Here is some help for this command:
List all tables in hbase. Optional regular expression parameter could
be used to filter the output. Examples:

Tail of master log:

2013-05-17 22:48:35,609 INFO org.apache.hadoop.hbase.master.ServerManager: Registering server=localhost,60020,1368856115352

tail of Zookeeper log:

$ tail *zoo*.log
2013-05-18 00:14:27,651 INFO org.apache.zookeeper.server.NIOServerCnxnFactory: Accepted socket connection from /127.0.0.1:49826
2013-05-18 00:14:27,652 INFO org.apache.zookeeper.server.ZooKeeperServer: Client attempting to establish new session at /127.0.0.1:49826
2013-05-18 00:14:27,666 INFO org.apache.zookeeper.server.ZooKeeperServer: Established session 0x13eb59ceb22001e with negotiated timeout 180000 for client /127.0.0.1:49826

Tail of regionserver log:

2013-05-18 00:08:35,416 DEBUG org.apache.hadoop.hbase.io.hfile.LruBlockCache: LRU Stats: total=2.03 MB, free=244.85 MB, max=246.88 MB, blocks=0, accesses=0, hits=0, hitRatio=0cachingAccesses=0, cachingHits=0, cachingHitsRatio=0evictions=0, evicted=0, evictedPerRun=NaN
2013-05-18 00:13:35,416 DEBUG org.apache.hadoop.hbase.io.hfile.LruBlockCache: LRU Stats: total=2.03 MB, free=244.85 MB, max=246.88 MB, blocks=0, accesses=0, hits=0, hitRatio=0cachingAccesses=0, cachingHits=0, cachingHitsRatio=0evictions=0, evicted=0, evictedPerRun=NaN
2013-05-18 00:18:35,416 DEBUG org.apache.hadoop.hbase.io.hfile.LruBlockCache: LRU Stats: total=2.03 MB, free=244.85 MB, max=246.88 MB, blocks=0, accesses=0, hits=0, hitRatio=0cachingAccesses=0, cachingHits=0, cachingHitsRatio=0evictions=0, evicted=0, evictedPerRun=NaN

More details (in response to @roman below).

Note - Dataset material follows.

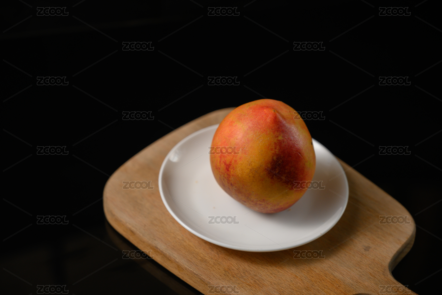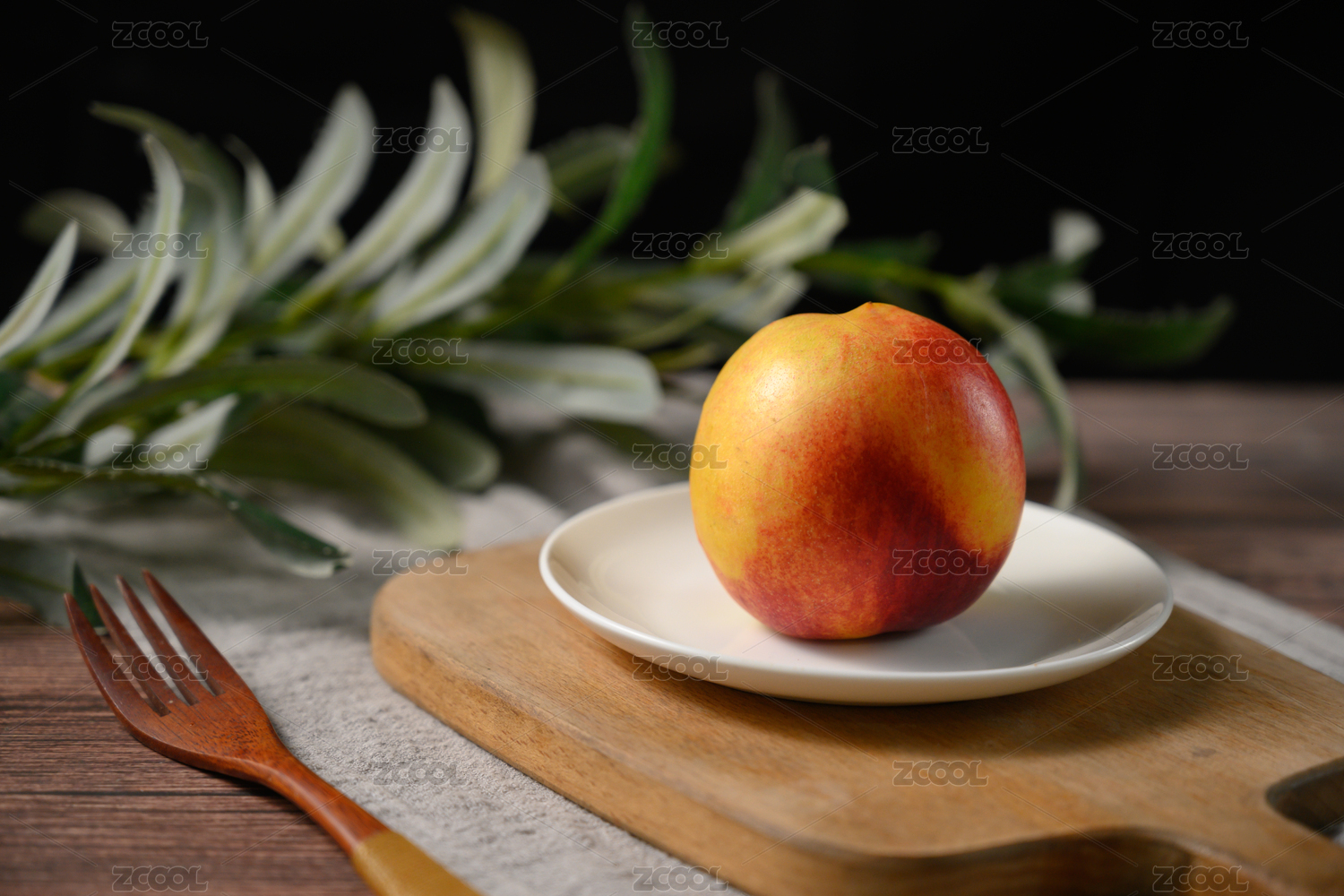 桌面上的盘子里的美味可口的新鲜黄桃

The safemode was already off.

fsck gives:

hadoop fsck /

.Status: HEALTHY
 Total size:    321466989 B
 Total dirs:    412
 Total files:   446
 Total blocks (validated):  355 (avg. block size 905540 B)
 Minimally replicated blocks:   355 (100.0 %)
 Over-replicated blocks:    0 (0.0 %)
 Under-replicated blocks:   334 (94.08451 %)
 Mis-replicated blocks:     0 (0.0 %)
 Default replication factor:    3
 Average block replication: 1.0
 Corrupt blocks:        0
 Missing replicas:      1109 (312.39438 %)
 Number of data-nodes:      1
 Number of racks:       1
FSCK ended at Sun May 19 13:09:14 PDT 2013 in 147 milliseconds

But, as you suspected the hbase gui is not running on 60030. I don't see errors in hbase log to explain why.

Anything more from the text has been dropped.